◆ Listed records ◆
★ ★ ★ ★

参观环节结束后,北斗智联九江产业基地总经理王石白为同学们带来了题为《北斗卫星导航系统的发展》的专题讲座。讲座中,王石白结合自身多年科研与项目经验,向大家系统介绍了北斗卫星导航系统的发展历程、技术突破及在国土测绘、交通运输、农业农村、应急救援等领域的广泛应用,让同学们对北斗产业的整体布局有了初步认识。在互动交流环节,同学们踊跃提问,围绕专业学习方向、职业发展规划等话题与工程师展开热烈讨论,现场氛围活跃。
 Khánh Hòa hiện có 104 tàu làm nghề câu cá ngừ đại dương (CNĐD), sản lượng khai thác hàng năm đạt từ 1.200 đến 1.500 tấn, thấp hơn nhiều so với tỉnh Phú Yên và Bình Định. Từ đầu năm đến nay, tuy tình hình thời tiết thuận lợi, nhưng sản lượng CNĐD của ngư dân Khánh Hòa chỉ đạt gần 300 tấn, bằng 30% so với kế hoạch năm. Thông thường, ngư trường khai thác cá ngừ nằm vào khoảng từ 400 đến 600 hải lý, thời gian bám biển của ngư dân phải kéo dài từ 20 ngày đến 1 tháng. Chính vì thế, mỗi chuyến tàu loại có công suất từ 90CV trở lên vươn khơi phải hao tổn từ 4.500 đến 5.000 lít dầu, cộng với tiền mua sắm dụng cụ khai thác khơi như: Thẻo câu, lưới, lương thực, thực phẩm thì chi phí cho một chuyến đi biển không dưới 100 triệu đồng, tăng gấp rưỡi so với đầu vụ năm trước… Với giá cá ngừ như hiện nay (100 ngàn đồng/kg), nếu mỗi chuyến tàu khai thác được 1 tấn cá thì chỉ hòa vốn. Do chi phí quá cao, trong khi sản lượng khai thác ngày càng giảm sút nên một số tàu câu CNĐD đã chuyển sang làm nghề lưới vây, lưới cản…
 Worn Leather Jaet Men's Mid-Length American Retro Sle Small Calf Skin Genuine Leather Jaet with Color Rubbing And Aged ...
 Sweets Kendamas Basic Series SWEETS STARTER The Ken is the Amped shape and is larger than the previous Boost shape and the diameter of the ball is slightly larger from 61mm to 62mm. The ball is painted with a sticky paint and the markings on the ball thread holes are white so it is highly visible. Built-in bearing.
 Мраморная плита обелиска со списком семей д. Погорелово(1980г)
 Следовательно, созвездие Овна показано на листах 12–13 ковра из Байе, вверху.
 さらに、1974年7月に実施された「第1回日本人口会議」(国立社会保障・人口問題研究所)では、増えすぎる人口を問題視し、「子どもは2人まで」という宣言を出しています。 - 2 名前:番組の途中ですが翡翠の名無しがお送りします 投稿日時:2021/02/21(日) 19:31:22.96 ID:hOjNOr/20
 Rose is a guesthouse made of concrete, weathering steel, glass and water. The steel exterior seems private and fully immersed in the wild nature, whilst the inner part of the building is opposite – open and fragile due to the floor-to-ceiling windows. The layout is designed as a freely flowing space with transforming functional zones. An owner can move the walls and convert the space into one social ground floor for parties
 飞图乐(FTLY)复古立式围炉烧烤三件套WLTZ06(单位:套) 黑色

★ ★ ★ ★

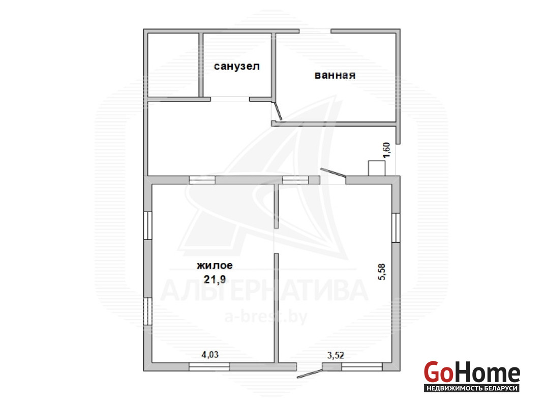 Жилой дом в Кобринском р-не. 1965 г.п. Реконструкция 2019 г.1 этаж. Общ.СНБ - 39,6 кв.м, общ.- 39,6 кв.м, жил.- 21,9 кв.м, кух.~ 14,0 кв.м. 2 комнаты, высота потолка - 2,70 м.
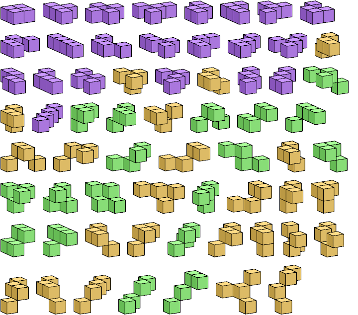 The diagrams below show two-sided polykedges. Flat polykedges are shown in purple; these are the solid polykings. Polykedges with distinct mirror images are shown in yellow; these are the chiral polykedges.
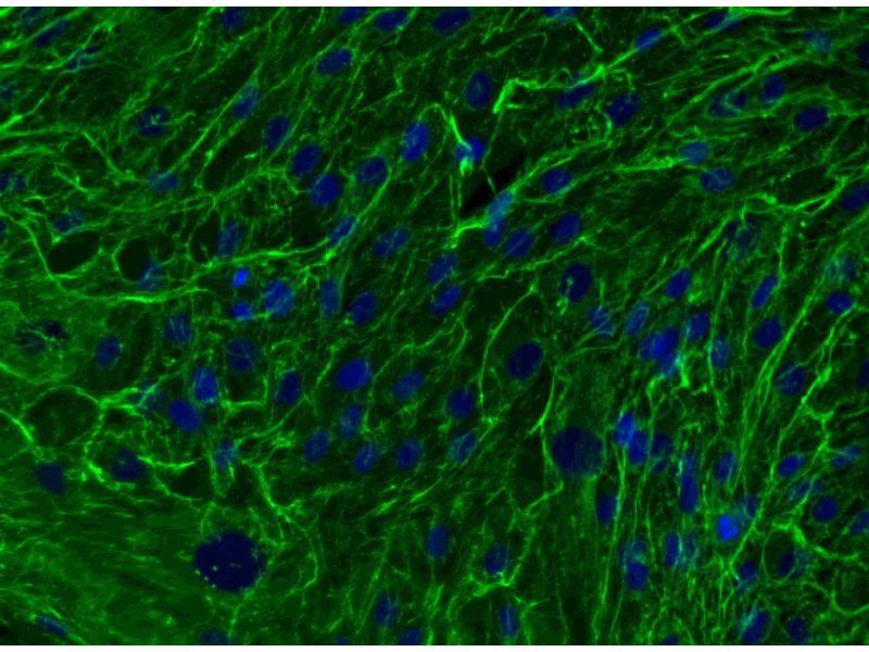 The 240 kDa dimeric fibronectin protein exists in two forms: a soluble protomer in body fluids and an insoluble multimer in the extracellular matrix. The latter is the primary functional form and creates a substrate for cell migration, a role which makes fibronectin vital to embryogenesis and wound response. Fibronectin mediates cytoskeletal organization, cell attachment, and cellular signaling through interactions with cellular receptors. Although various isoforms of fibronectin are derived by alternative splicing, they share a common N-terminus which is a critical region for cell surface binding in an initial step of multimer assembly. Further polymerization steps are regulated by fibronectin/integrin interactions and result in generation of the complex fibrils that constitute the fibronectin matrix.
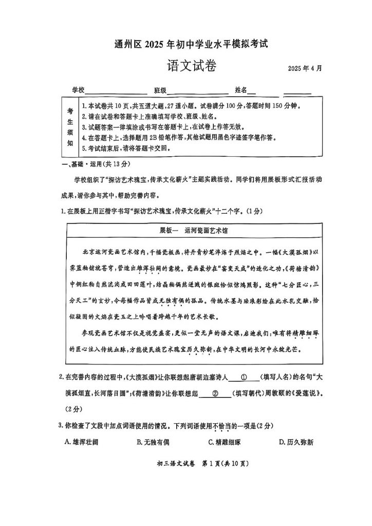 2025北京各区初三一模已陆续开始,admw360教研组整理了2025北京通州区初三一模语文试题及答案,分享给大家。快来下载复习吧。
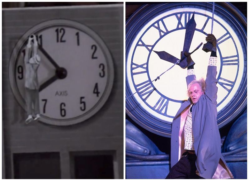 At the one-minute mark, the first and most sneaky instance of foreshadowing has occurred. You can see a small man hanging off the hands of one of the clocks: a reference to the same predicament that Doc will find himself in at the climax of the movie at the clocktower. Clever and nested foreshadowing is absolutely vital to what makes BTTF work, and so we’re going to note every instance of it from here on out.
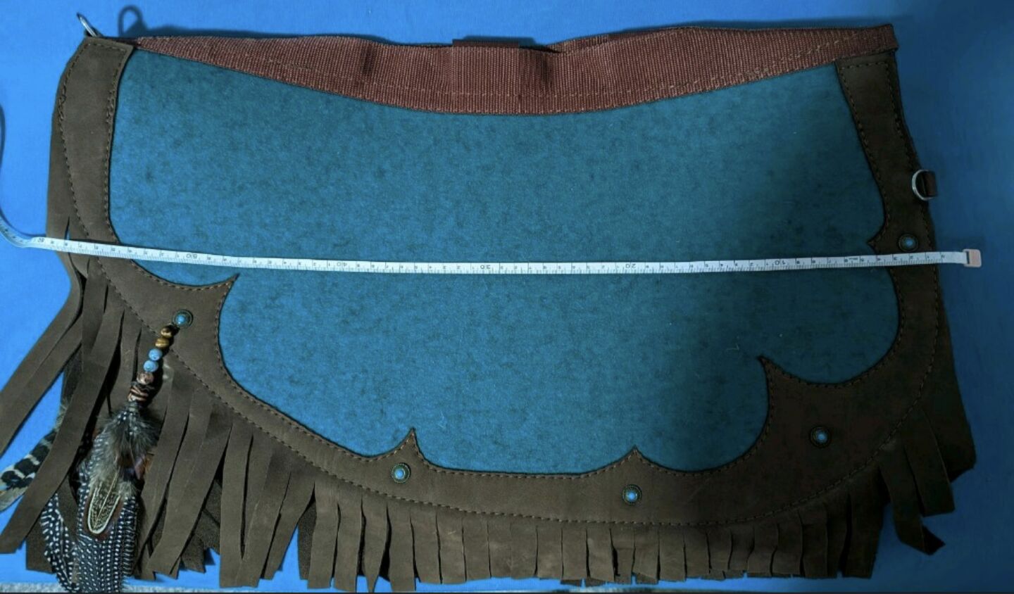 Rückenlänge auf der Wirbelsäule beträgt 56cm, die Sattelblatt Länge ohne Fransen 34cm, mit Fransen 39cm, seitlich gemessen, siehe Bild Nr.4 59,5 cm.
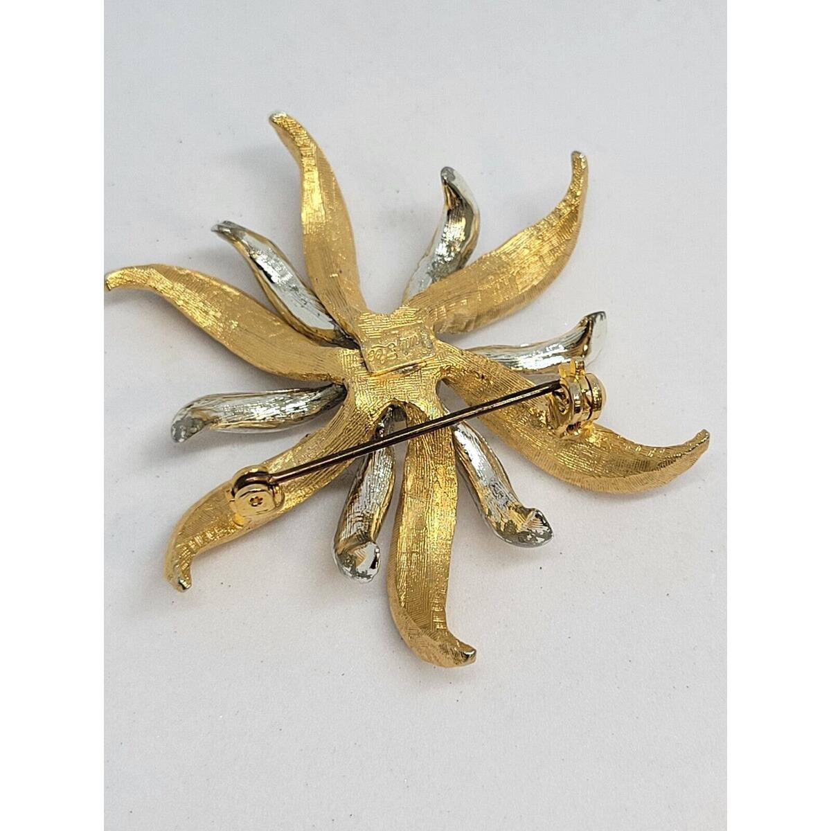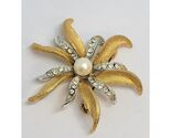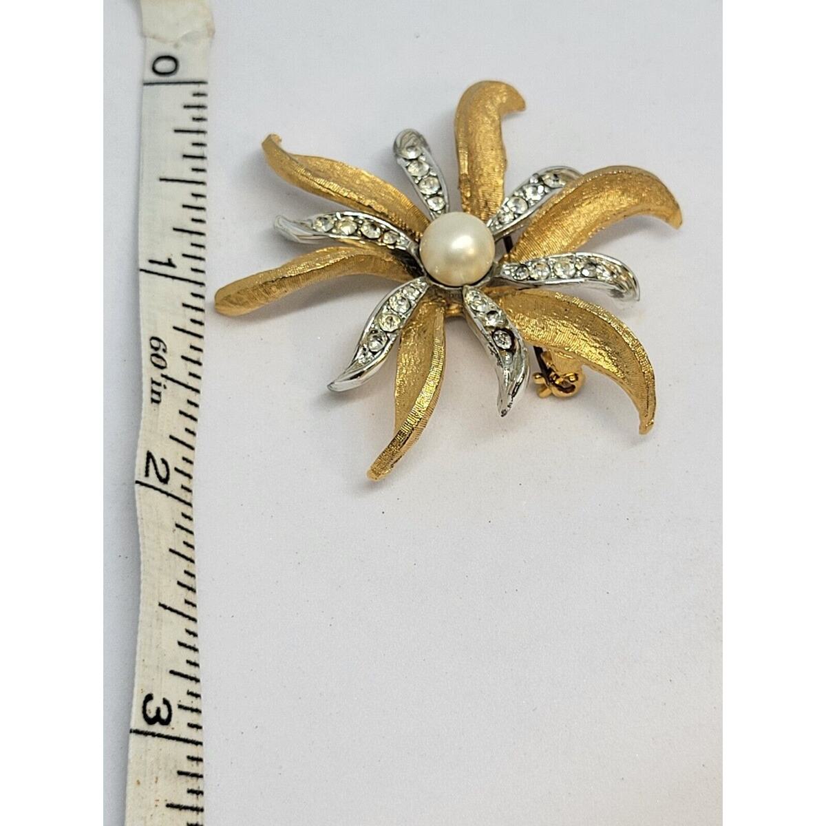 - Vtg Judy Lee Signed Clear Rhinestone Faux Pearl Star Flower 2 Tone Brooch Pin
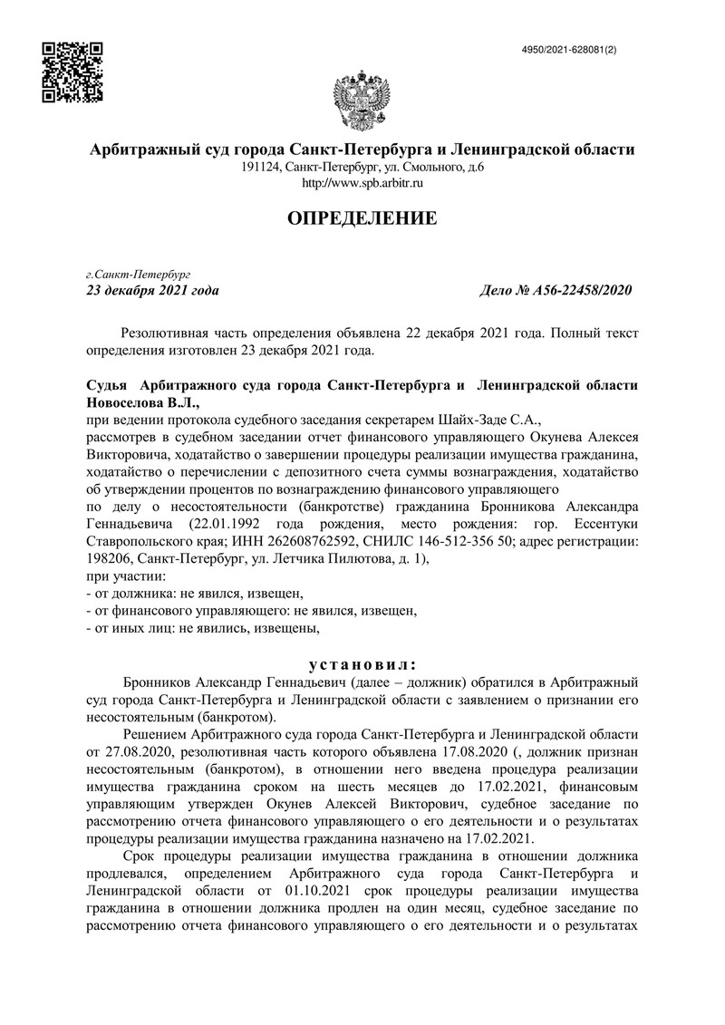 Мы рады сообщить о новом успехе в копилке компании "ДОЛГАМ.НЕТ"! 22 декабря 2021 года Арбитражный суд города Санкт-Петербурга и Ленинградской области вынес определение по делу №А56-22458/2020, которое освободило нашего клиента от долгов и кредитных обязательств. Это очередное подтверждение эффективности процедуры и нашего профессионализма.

★ ★ ★ ★

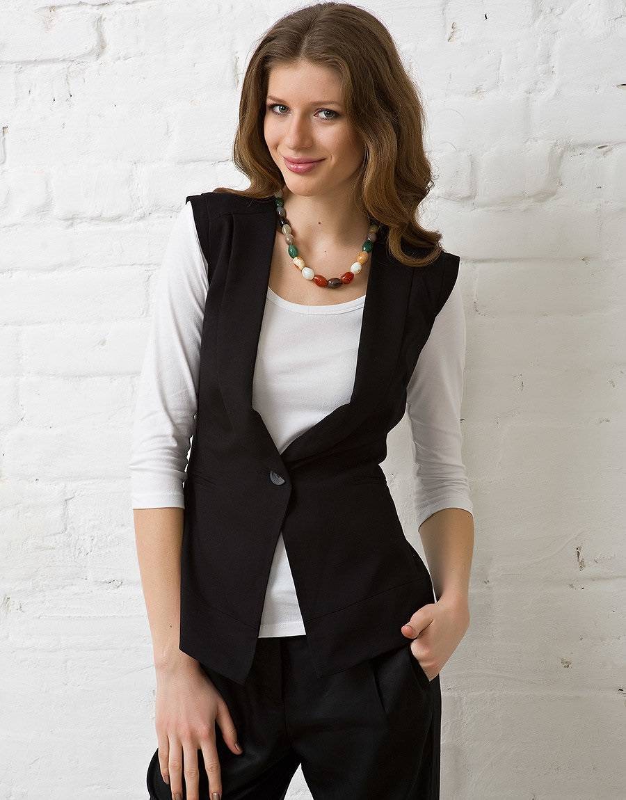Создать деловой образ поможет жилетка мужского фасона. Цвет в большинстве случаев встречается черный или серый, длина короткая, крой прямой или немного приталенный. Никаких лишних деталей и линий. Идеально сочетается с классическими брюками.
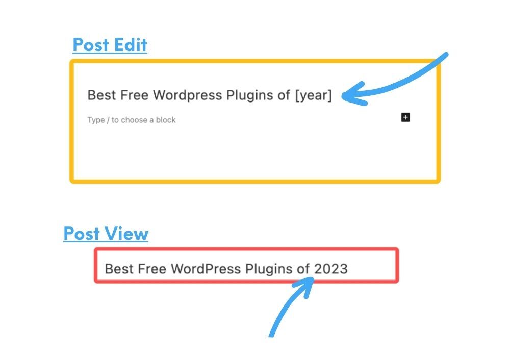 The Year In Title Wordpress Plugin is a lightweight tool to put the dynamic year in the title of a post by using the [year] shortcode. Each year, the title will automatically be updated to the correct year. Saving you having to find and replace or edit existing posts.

★ ★ ★ ★

◆ Activity ◆
The expected answer is an exact copy of the lines above, beginning at the line with "投稿日時:2021/02/21(日) 19:31:22.96 ID:hOjNOr/20" and ending at the line with "飞图乐(FTLY)复古立式围炉烧烤三件套WLTZ06(单位:套) 黑色", with both ends in.

◆ Answer to the problem ◆
 さらに、1974年7月に実施された「第1回日本人口会議」(国立社会保障・人口問題研究所)では、増えすぎる人口を問題視し、「子どもは2人まで」という宣言を出しています。 - 2 名前:番組の途中ですが翡翠の名無しがお送りします 投稿日時:2021/02/21(日) 19:31:22.96 ID:hOjNOr/20
 Rose is a guesthouse made of concrete, weathering steel, glass and water. The steel exterior seems private and fully immersed in the wild nature, whilst the inner part of the building is opposite – open and fragile due to the floor-to-ceiling windows. The layout is designed as a freely flowing space with transforming functional zones. An owner can move the walls and convert the space into one social ground floor for parties
 飞图乐(FTLY)复古立式围炉烧烤三件套WLTZ06(单位:套) 黑色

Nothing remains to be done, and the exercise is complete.